» **REQUIRED WORK**
A full, exact copy of the listing is needed, with images omitted.

» **DATA BELOW**

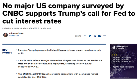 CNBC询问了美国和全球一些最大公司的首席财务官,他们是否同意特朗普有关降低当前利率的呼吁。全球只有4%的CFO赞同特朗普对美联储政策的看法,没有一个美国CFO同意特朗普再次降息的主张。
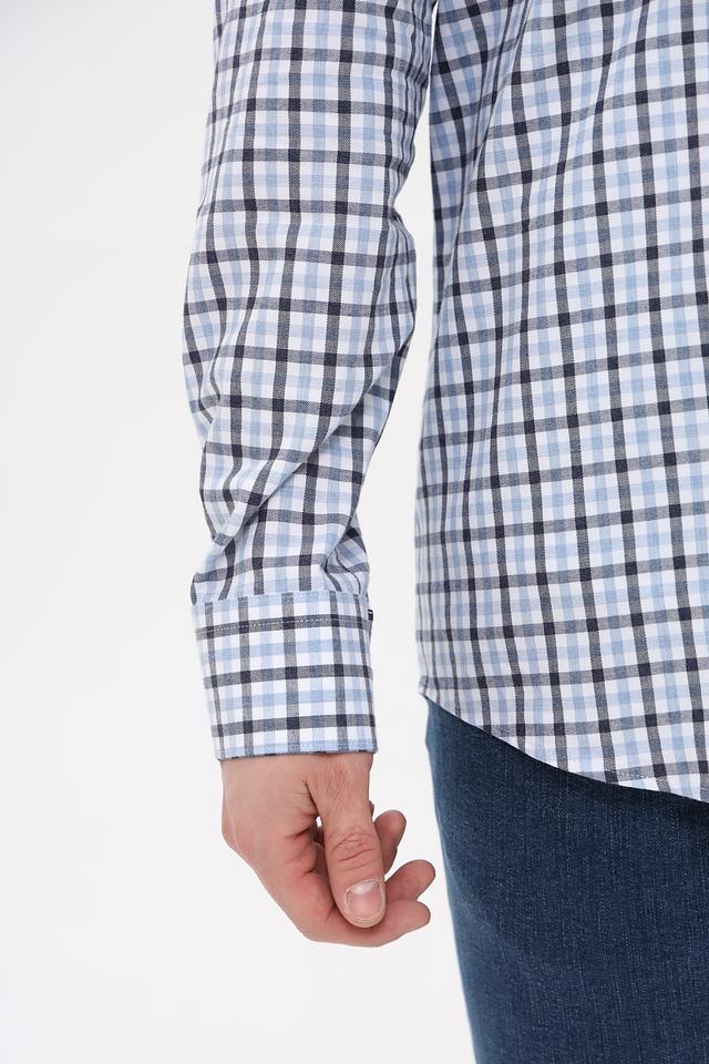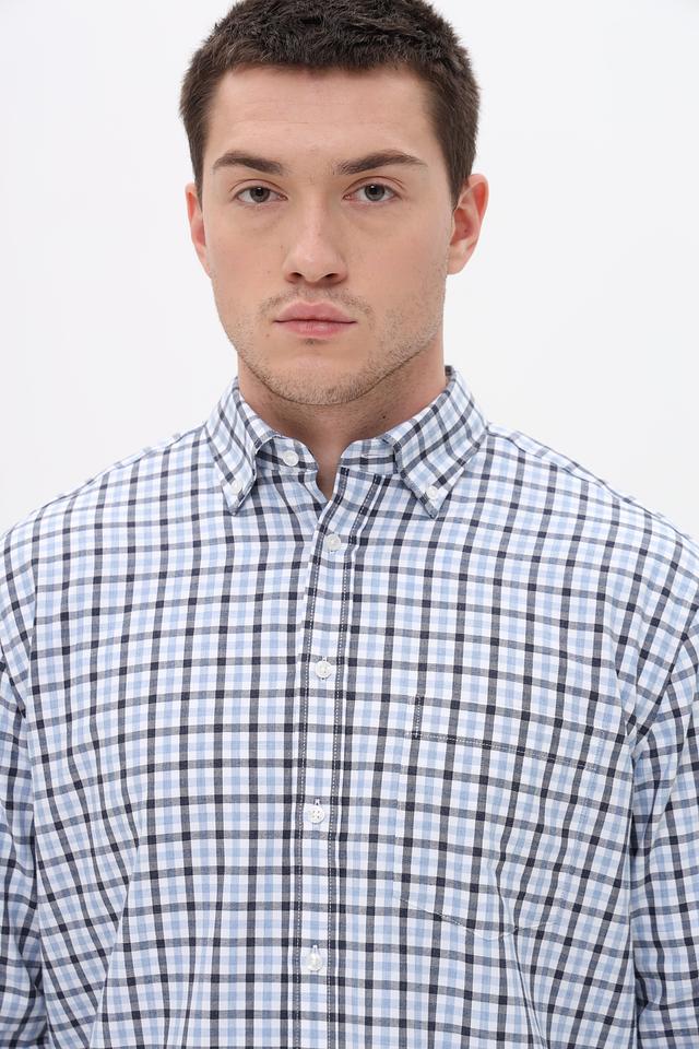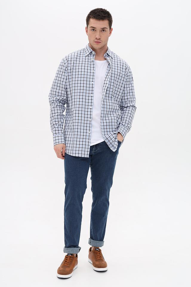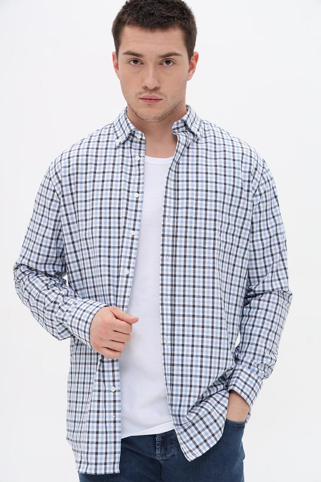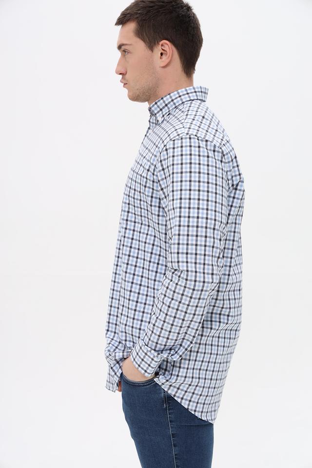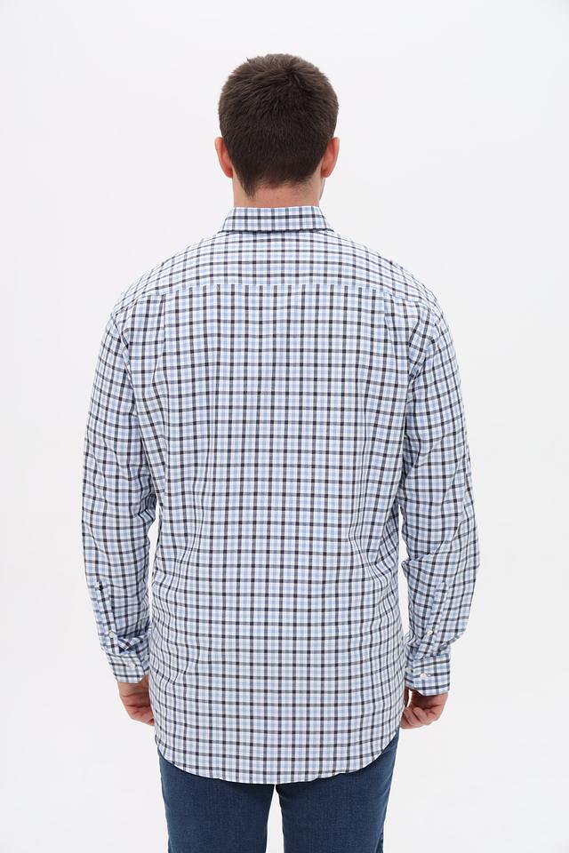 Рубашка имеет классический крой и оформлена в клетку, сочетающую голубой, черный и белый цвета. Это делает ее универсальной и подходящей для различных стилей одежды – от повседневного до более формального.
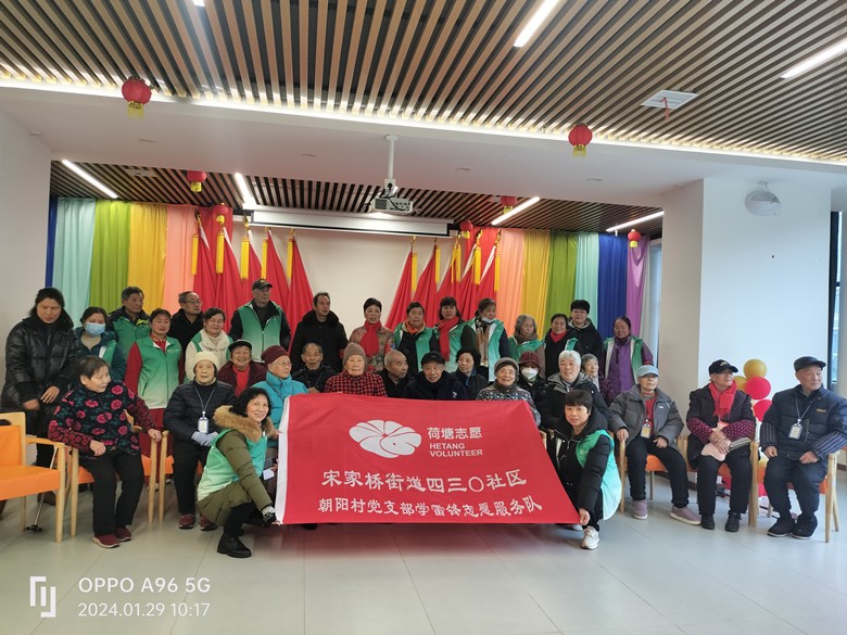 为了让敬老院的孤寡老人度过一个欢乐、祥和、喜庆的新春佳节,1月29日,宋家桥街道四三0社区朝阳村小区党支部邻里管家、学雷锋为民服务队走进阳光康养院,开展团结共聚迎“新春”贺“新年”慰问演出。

» **YOUR SOLUTION**
 CNBC询问了美国和全球一些最大公司的首席财务官,他们是否同意特朗普有关降低当前利率的呼吁。全球只有4%的CFO赞同特朗普对美联储政策的看法,没有一个美国CFO同意特朗普再次降息的主张。
 Рубашка имеет классический крой и оформлена в клетку, сочетающую голубой, черный и белый цвета. Это делает ее универсальной и подходящей для различных стилей одежды – от повседневного до более формального.
 为了让敬老院的孤寡老人度过一个欢乐、祥和、喜庆的新春佳节,1月29日,宋家桥街道四三0社区朝阳村小区党支部邻里管家、学雷锋为民服务队走进阳光康养院,开展团结共聚迎“新春”贺“新年”慰问演出。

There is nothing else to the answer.